= Information shown =
* * * *

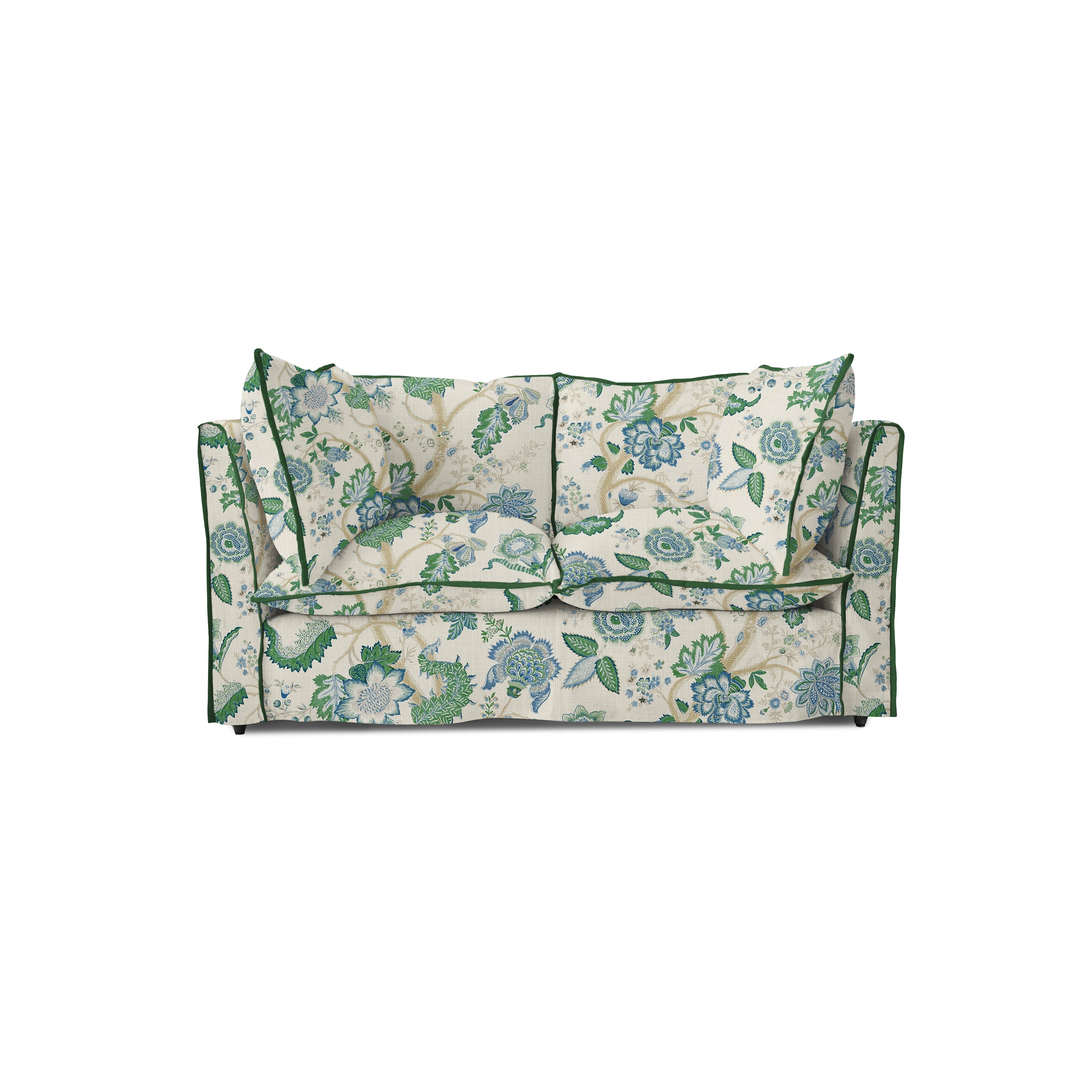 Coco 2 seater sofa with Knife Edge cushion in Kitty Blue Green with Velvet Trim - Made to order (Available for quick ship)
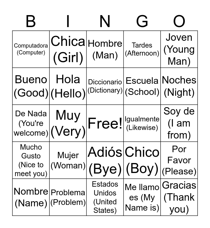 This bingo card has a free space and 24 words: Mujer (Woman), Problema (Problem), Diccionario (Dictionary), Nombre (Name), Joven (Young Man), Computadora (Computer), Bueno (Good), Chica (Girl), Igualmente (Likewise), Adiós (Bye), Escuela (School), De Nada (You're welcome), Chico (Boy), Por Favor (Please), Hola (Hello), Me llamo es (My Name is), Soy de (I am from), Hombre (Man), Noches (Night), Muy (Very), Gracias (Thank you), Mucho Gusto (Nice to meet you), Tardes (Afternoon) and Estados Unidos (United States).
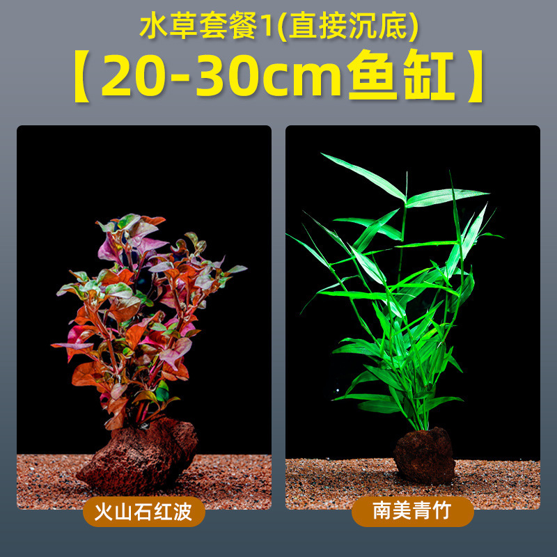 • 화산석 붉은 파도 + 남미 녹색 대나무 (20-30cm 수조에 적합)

* * * *

= What the task asks =
Give back the material above exactly, with each picture removed.

= Answer to the exercise =
 Coco 2 seater sofa with Knife Edge cushion in Kitty Blue Green with Velvet Trim - Made to order (Available for quick ship)
 This bingo card has a free space and 24 words: Mujer (Woman), Problema (Problem), Diccionario (Dictionary), Nombre (Name), Joven (Young Man), Computadora (Computer), Bueno (Good), Chica (Girl), Igualmente (Likewise), Adiós (Bye), Escuela (School), De Nada (You're welcome), Chico (Boy), Por Favor (Please), Hola (Hello), Me llamo es (My Name is), Soy de (I am from), Hombre (Man), Noches (Night), Muy (Very), Gracias (Thank you), Mucho Gusto (Nice to meet you), Tardes (Afternoon) and Estados Unidos (United States).
 • 화산석 붉은 파도 + 남미 녹색 대나무 (20-30cm 수조에 적합)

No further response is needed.